**THE TASK:** When you copy the material below, keep every line exact and leave each picture out.

============================================================

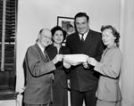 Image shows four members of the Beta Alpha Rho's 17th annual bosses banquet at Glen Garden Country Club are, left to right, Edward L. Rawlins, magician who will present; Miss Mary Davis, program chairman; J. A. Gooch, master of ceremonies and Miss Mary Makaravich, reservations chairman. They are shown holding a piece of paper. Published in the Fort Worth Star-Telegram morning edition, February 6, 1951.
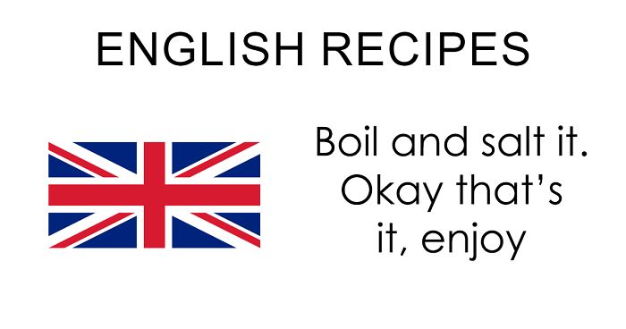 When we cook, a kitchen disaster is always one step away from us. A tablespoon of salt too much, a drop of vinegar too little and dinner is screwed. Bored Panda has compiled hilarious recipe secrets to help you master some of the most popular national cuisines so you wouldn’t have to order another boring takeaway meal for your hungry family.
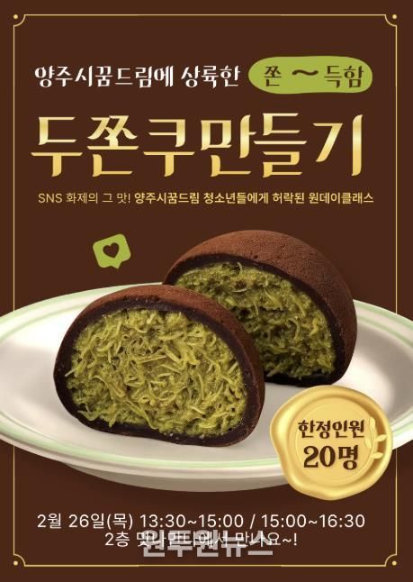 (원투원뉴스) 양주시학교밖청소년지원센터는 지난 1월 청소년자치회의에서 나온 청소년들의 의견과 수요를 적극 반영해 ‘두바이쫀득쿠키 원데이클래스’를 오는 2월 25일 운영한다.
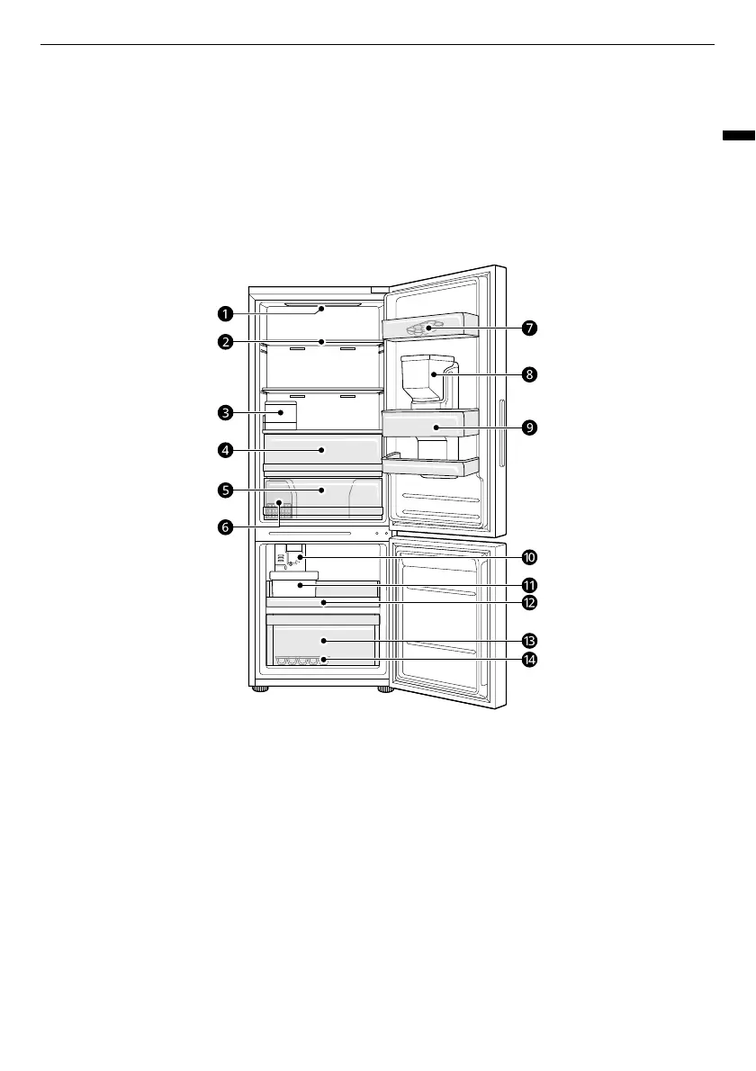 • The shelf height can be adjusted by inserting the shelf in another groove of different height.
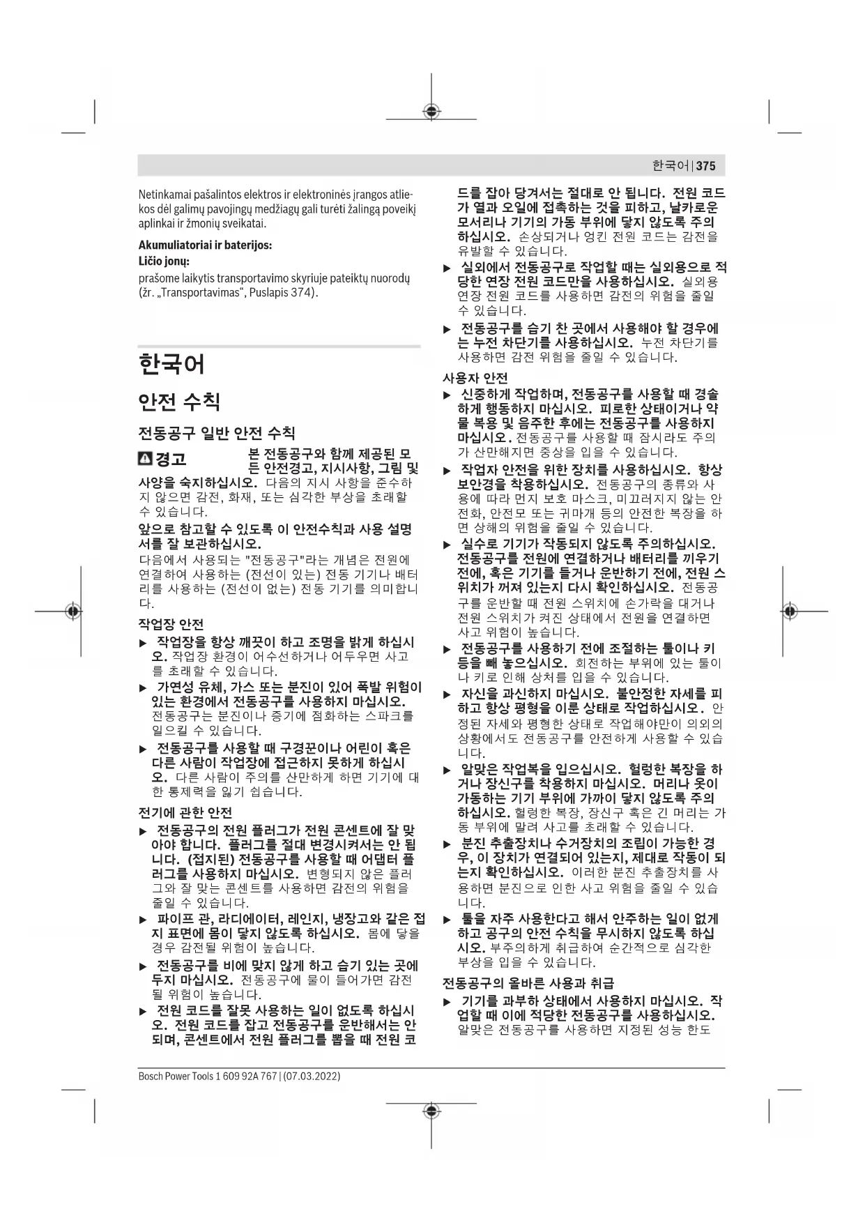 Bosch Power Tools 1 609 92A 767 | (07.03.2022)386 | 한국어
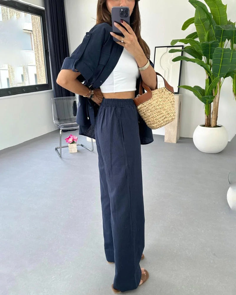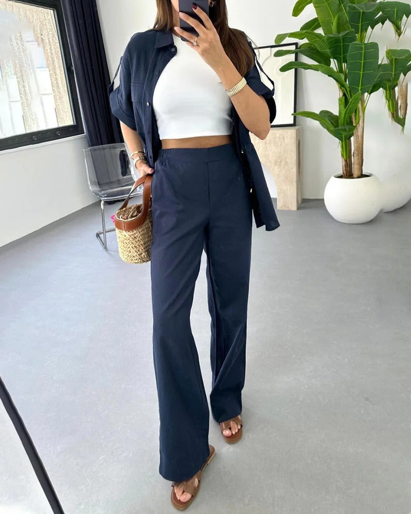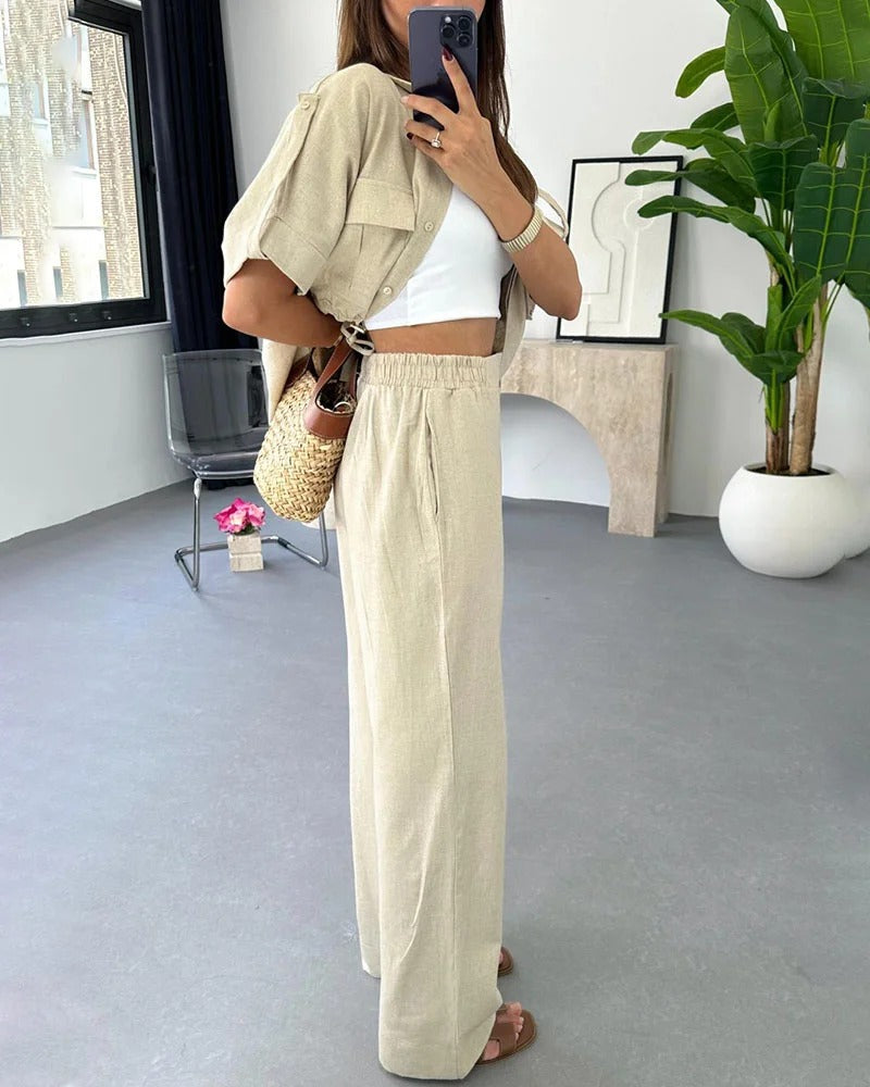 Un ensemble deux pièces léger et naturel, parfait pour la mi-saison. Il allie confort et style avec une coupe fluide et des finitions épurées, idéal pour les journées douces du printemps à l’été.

============================================================

**ANSWER SPACE:**
 Image shows four members of the Beta Alpha Rho's 17th annual bosses banquet at Glen Garden Country Club are, left to right, Edward L. Rawlins, magician who will present; Miss Mary Davis, program chairman; J. A. Gooch, master of ceremonies and Miss Mary Makaravich, reservations chairman. They are shown holding a piece of paper. Published in the Fort Worth Star-Telegram morning edition, February 6, 1951.
 When we cook, a kitchen disaster is always one step away from us. A tablespoon of salt too much, a drop of vinegar too little and dinner is screwed. Bored Panda has compiled hilarious recipe secrets to help you master some of the most popular national cuisines so you wouldn’t have to order another boring takeaway meal for your hungry family.
 (원투원뉴스) 양주시학교밖청소년지원센터는 지난 1월 청소년자치회의에서 나온 청소년들의 의견과 수요를 적극 반영해 ‘두바이쫀득쿠키 원데이클래스’를 오는 2월 25일 운영한다.
 • The shelf height can be adjusted by inserting the shelf in another groove of different height.
 Bosch Power Tools 1 609 92A 767 | (07.03.2022)386 | 한국어
 Un ensemble deux pièces léger et naturel, parfait pour la mi-saison. Il allie confort et style avec une coupe fluide et des finitions épurées, idéal pour les journées douces du printemps à l’été.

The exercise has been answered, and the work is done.